Melting curve analysis has been conducted after every real-time run and surprisingly there was a 2.5 °C difference between the melting point of the positive control (76 °C) and the positive samples (73.5 °C), suggesting multiple nucleotide differences between the two amplicons.
After sequencing three positive samples (GenBank accession numbers: MT765271–3) with low Cq values, initial BLAST analysis of the partial L and F gene sequences confirmed the presence of PPIV-1 in our samples. The sequences obtained were almost identical to each other with less than 5 nucleotide differences among each other. Maximum Likelihood trees constructed with a 1636 nucleotide long part of the F gene and the 555 nucleotide long part of the L gene revealed almost identical topology (Figure 2). Our sequences grouped together with other PPIV-1 sequences supported by relative high bootstrap values. Pairwise similarities were calculated with every available PPIV-1 sequence and the highest values were found in the case of two sequences originating from Hong Kong submitted by Lau et al. (2013): 95.6% (acc. no.: JX857410) and 92.2% (acc. no.: JX857409). All other PPIV-1 sequences, including the recently submitted ones from the USA, were less than 92% similar.

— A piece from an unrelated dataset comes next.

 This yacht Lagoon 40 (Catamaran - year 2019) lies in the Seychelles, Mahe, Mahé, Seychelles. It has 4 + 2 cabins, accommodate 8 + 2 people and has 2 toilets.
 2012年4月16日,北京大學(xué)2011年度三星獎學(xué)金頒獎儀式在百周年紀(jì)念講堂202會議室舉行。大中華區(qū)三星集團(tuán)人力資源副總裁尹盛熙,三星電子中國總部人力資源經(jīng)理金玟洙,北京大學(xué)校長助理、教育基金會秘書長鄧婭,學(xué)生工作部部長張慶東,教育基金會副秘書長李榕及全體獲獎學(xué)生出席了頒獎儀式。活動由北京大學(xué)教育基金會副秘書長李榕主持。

Interestingly, the partial F and L sequences obtained from our samples showed the highest similarity values to the very first PPIV-1 genomes submitted from Hong Kong in 2013, whereas the overall genetic difference compared to the recently described North American isolates was around 10%. The genetic difference was already visible during the real-time PCR investigations where the melting curve analyses revealed 2.5 °C difference between our samples and the positive control originating from the USA. The pairwise alignment of the amplicons’ sequences revealed 6 mismatches 5 of which resulted in smaller GC content of our samples, explaining the decreased melting point.

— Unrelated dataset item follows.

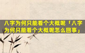 八字只能看个 💮 大概的原 🐈 因如下: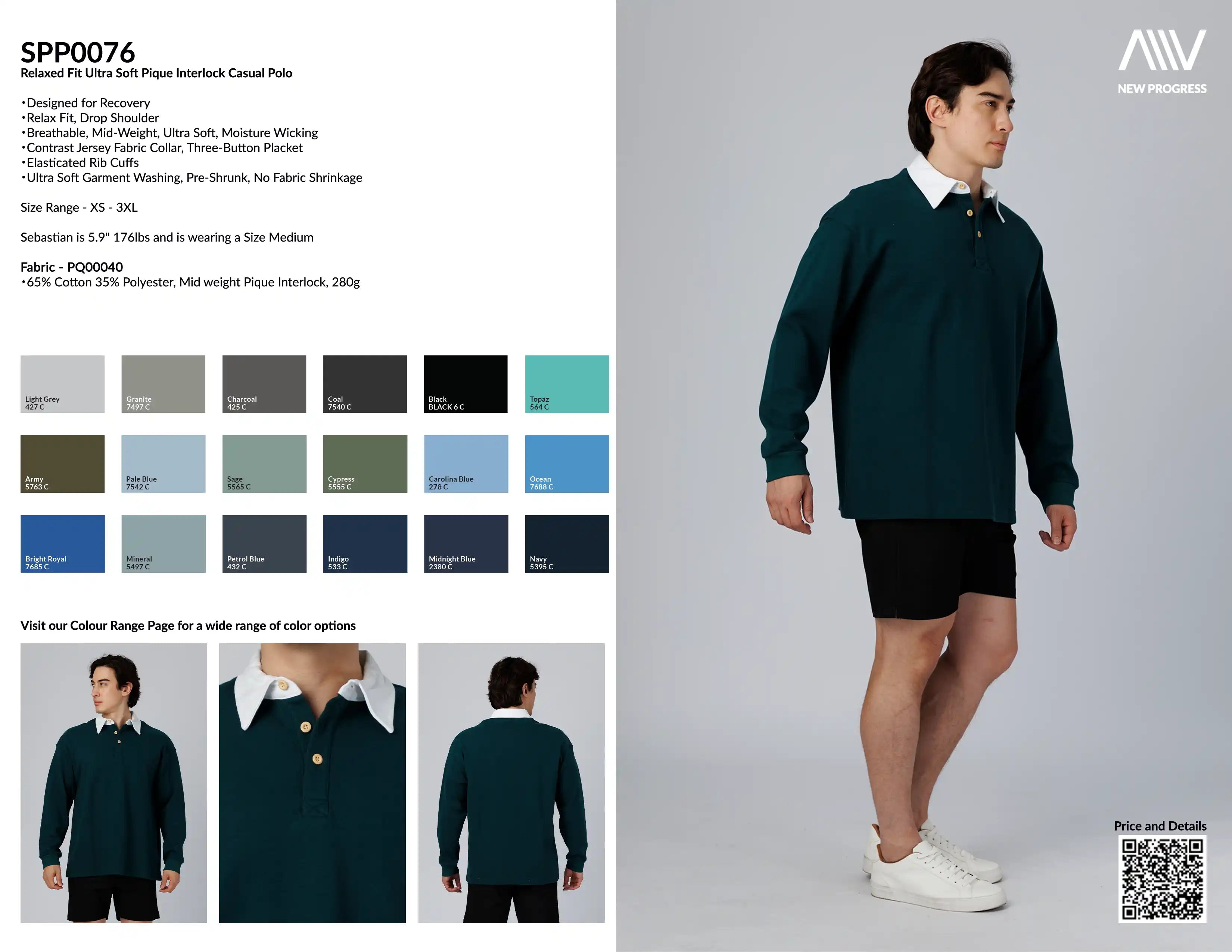 ・65% Cotton 35% Polyester, Mid weight Pique Interlock, 280g

To the authors’ knowledge, this is the first report of porcine parainfluenzavirus 1 outside Hong Kong and the United States of America. Out of the 22 herds screened we only found positive animals in one herd, where the second-round sampling revealed significant virus circulation among the young animals. Both the number of positive nasal swabs and the viral copy numbers were the highest among the 4-week-old animals. Elder animals had fewer positive samples and lower viral amounts.

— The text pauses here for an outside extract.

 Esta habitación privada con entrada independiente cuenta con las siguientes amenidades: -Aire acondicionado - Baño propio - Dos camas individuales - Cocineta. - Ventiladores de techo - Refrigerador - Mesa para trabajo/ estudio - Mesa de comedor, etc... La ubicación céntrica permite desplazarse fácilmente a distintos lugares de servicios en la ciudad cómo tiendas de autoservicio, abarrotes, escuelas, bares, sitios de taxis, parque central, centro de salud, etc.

These results are in harmony with previous data where 37.2% of all the PPIV-1positive cases found at the Veterinary Diagnostic Laboratory of the Iowa State University originated from nursery units (Gauger et al., 2018). On the contrary, however, among the 22 screened, we only found a single herd infected with the virus whereas it seems to be widespread in the USA (Gauger et al., 2018; Palinski et al., 2016). We could not, however, successfully identify the source of infection in our case, as the farm had no prior contact to pigs of personnel coming from either USA or Hong Kong, China.